[SOURCE DATA]
[Start of Attachment]
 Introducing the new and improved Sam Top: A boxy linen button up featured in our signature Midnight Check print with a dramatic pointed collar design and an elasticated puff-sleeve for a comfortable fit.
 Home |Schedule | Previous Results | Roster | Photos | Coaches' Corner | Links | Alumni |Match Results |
[End of Attachment]
[Start of Attachment]
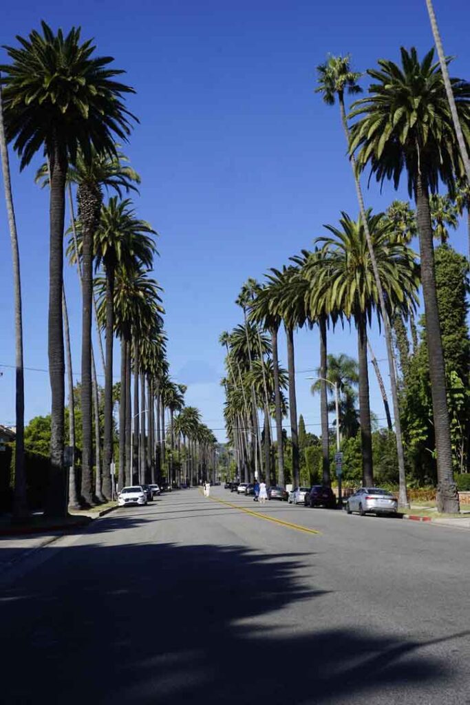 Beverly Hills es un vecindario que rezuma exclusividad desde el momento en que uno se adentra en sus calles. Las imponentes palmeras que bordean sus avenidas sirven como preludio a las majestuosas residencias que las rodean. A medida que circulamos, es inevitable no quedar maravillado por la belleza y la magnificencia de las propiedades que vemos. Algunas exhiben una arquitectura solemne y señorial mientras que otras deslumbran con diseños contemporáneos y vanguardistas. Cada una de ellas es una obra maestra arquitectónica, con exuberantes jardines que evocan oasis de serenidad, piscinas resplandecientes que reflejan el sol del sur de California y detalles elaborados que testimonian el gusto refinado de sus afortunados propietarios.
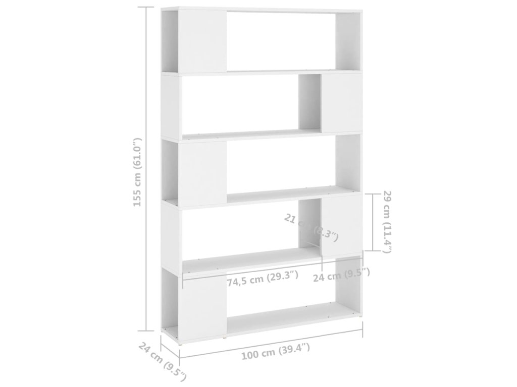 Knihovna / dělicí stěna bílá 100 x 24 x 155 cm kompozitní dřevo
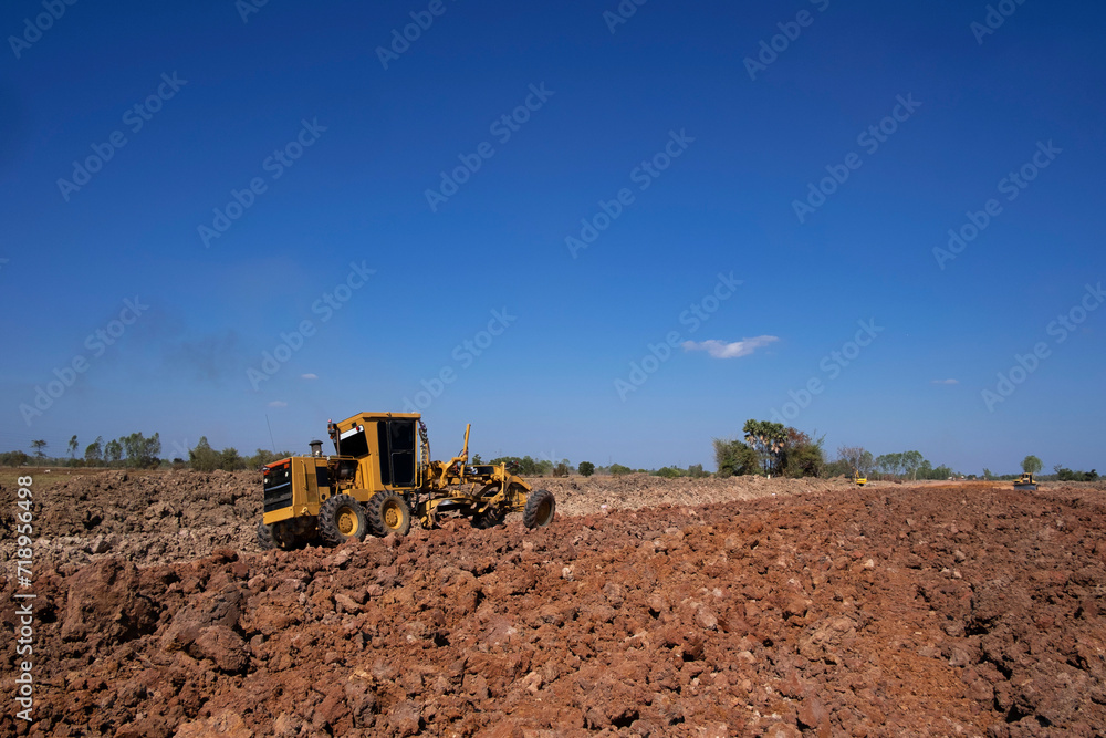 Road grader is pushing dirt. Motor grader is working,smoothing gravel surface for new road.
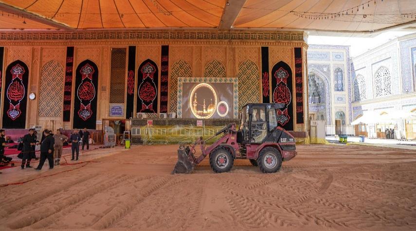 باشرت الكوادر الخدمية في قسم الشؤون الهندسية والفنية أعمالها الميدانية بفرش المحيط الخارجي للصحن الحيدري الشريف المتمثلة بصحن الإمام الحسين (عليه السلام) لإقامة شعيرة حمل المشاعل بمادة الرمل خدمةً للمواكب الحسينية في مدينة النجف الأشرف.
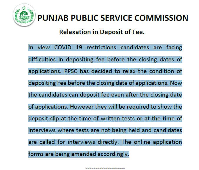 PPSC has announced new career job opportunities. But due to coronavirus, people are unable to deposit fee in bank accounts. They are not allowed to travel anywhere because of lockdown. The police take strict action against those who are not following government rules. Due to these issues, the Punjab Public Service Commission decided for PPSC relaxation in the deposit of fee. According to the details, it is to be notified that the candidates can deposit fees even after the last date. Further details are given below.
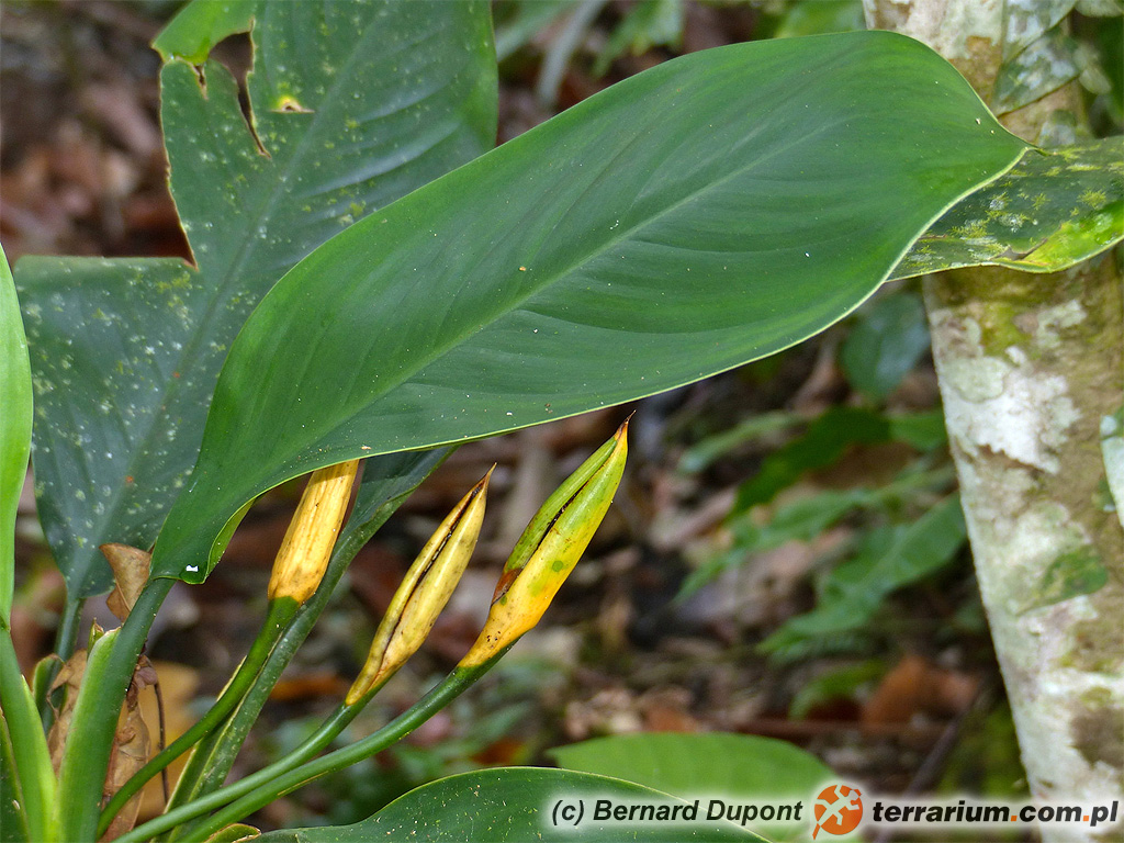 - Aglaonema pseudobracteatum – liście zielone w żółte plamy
[End of Attachment]
[Start of Attachment]
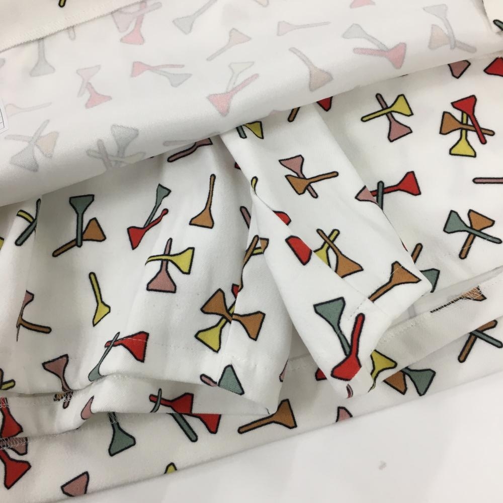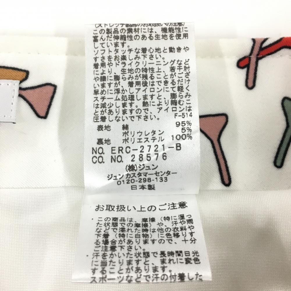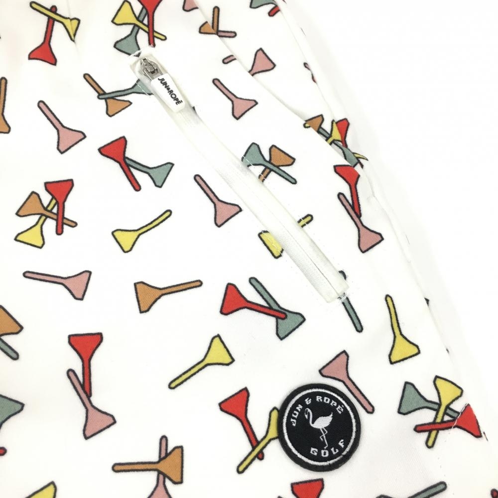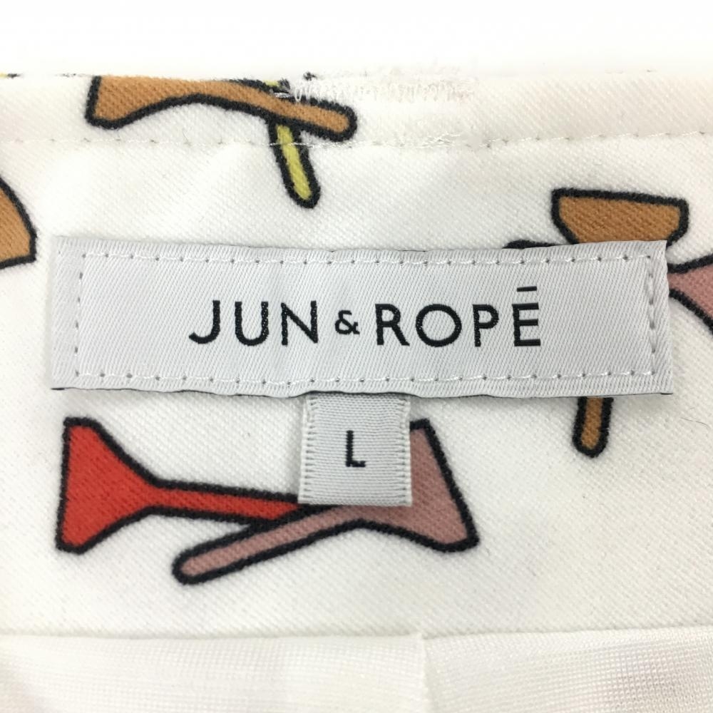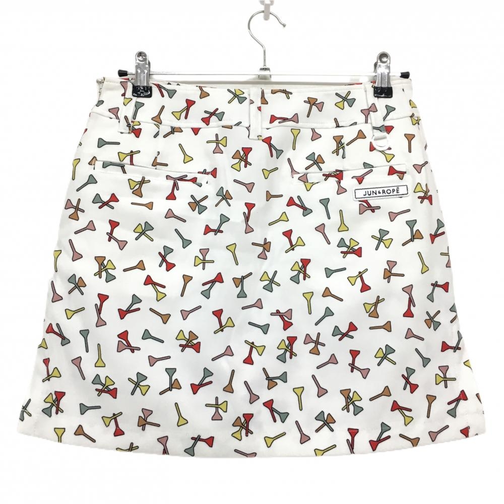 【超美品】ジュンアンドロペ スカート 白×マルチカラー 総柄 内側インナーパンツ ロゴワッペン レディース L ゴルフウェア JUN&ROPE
[End of Attachment]
[WHAT YOU ARE ASKED TO DO] Leaving out the pictures, please output the lines in the entries above from the one with "PPSC has announced" through the one with "- Aglaonema pseudobracteatum", exactly as they are.

[SOLUTION TO THE PROBLEM]
 PPSC has announced new career job opportunities. But due to coronavirus, people are unable to deposit fee in bank accounts. They are not allowed to travel anywhere because of lockdown. The police take strict action against those who are not following government rules. Due to these issues, the Punjab Public Service Commission decided for PPSC relaxation in the deposit of fee. According to the details, it is to be notified that the candidates can deposit fees even after the last date. Further details are given below.
 - Aglaonema pseudobracteatum – liście zielone w żółte plamy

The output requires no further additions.